**Exercise prompt**. Copy out the data from the line containing "- FOLDABLE: This" to its last line, exactly. No pictures.

**Data block**.
======

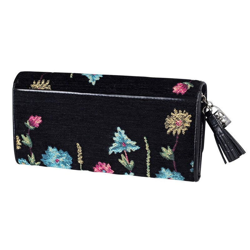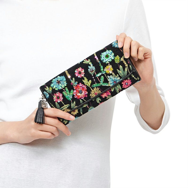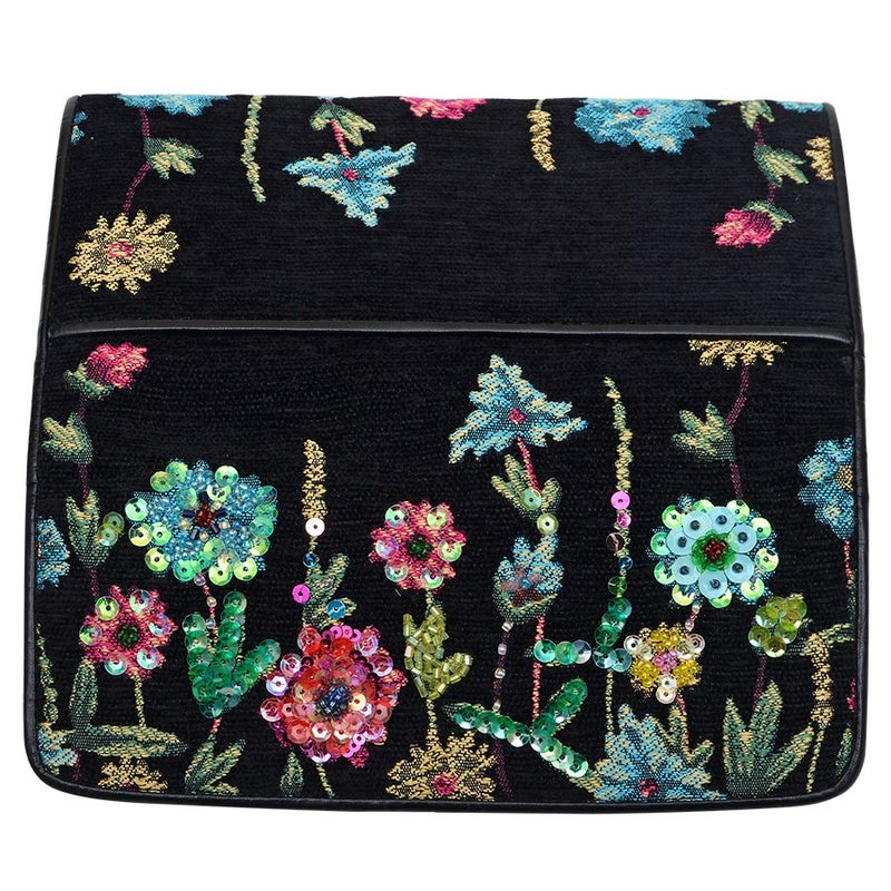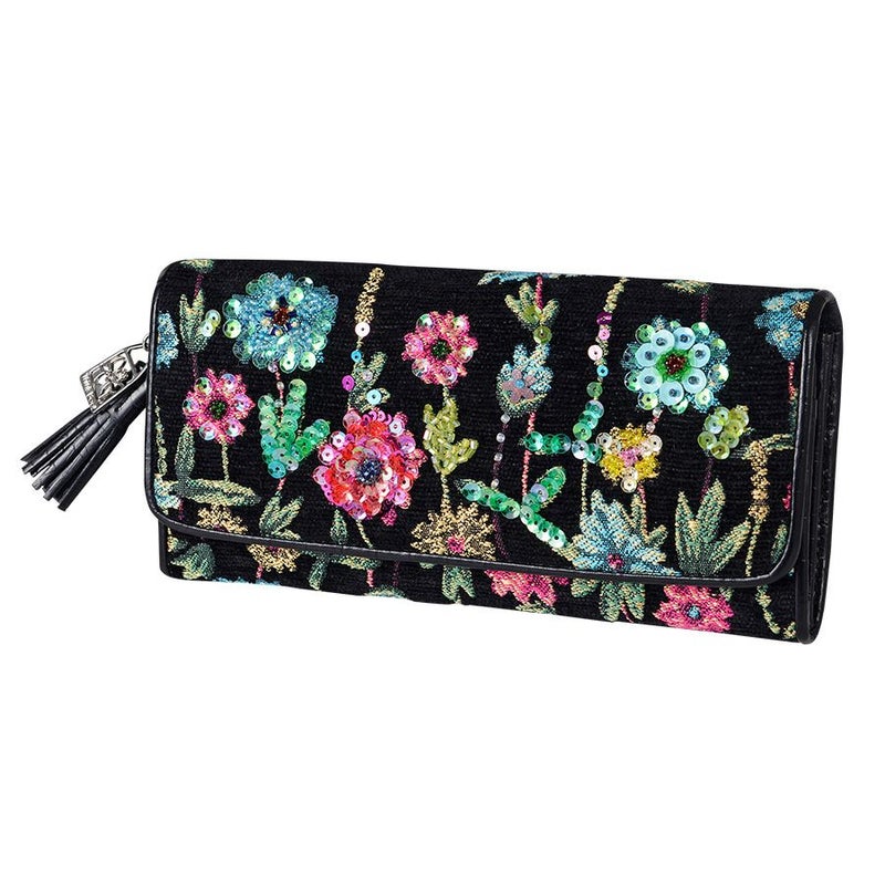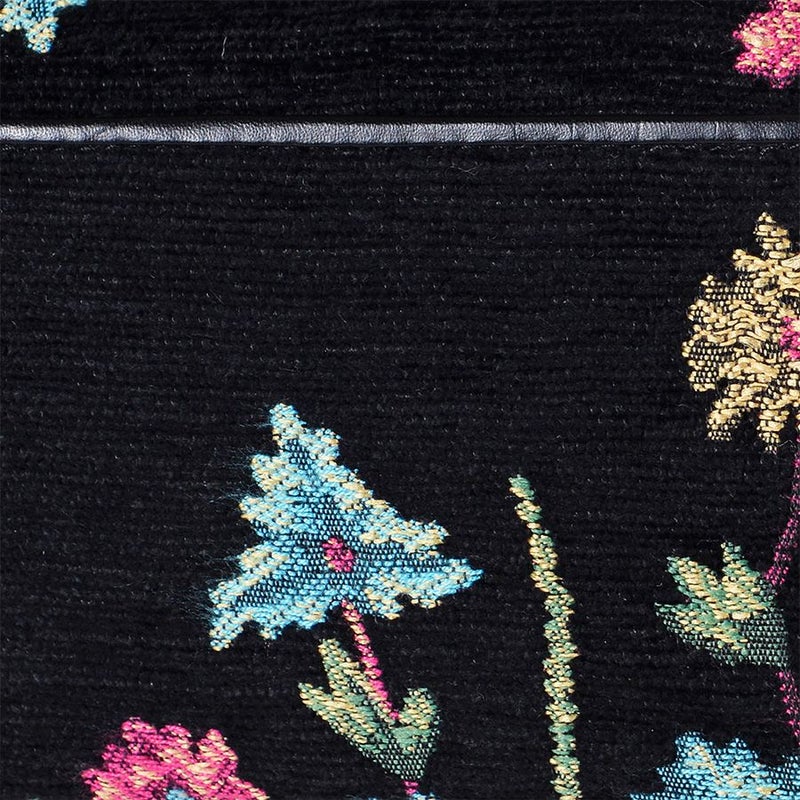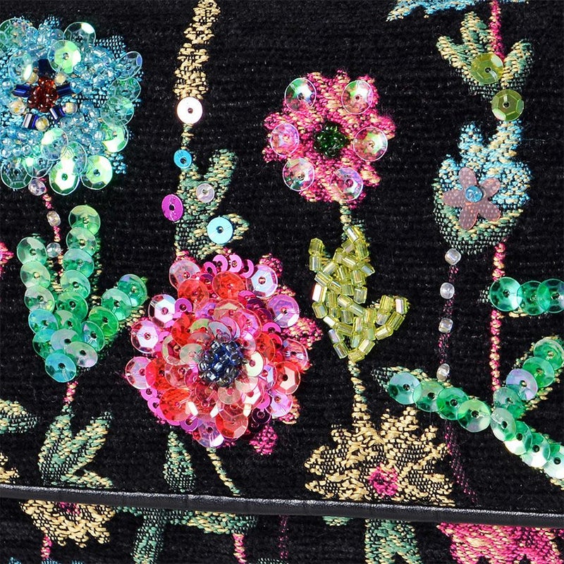 カラフルな花々が咲き並ぶ、イラストタッチのジャカード織生地を使用。その小さな花のひとつひとつに施した刺繍デザインは、パリ在住のシンクビー!デザイナー、博子・クレメールによるもの。ビーズやスパンコールをちりばめて、立体的に愛らしく仕上げました。
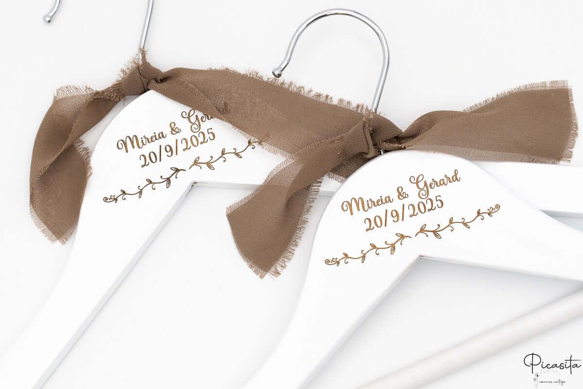 O dia do vosso casamento é uma sinfonia de momentos preciosos, e na Picasita.es sabemos que os pequenos elementos são aqueles que, em conjunto, criam uma melodia inesquecível. É por isso que o nosso cabide personalizado para noivos foi concebido não só como um acessório funcional, mas como um emblema do vosso grande dia, um cabide de casamento que captura a essência da vossa união e se torna um tesouro para toda a vida.
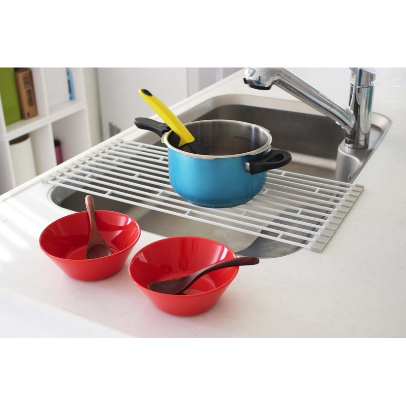 - FOLDABLE: This folding sink drainer rack is easy to roll up when not in use to clear up the kitchen sink and counter space.
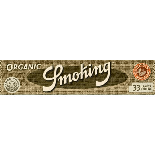 Το Smoking Organic King Size είναι ακατέργαστο (unbleached), με φυσικό καφέ χρώμα και βάρος μόλις 13 g/m², προσφέροντας αργή και ομοιόμορφη καύση. Η φυτική κόλλα εξασφαλίζει τέλειο κράτημα χωρίς να αλλοιώνει τη γεύση, ενώ το υδατογράφημα Smoking βοηθά στην ισορροπημένη ροή του καπνού σε κάθε ρουφηξιά.

======

**Response box**.
 - FOLDABLE: This folding sink drainer rack is easy to roll up when not in use to clear up the kitchen sink and counter space.
 Το Smoking Organic King Size είναι ακατέργαστο (unbleached), με φυσικό καφέ χρώμα και βάρος μόλις 13 g/m², προσφέροντας αργή και ομοιόμορφη καύση. Η φυτική κόλλα εξασφαλίζει τέλειο κράτημα χωρίς να αλλοιώνει τη γεύση, ενώ το υδατογράφημα Smoking βοηθά στην ισορροπημένη ροή του καπνού σε κάθε ρουφηξιά.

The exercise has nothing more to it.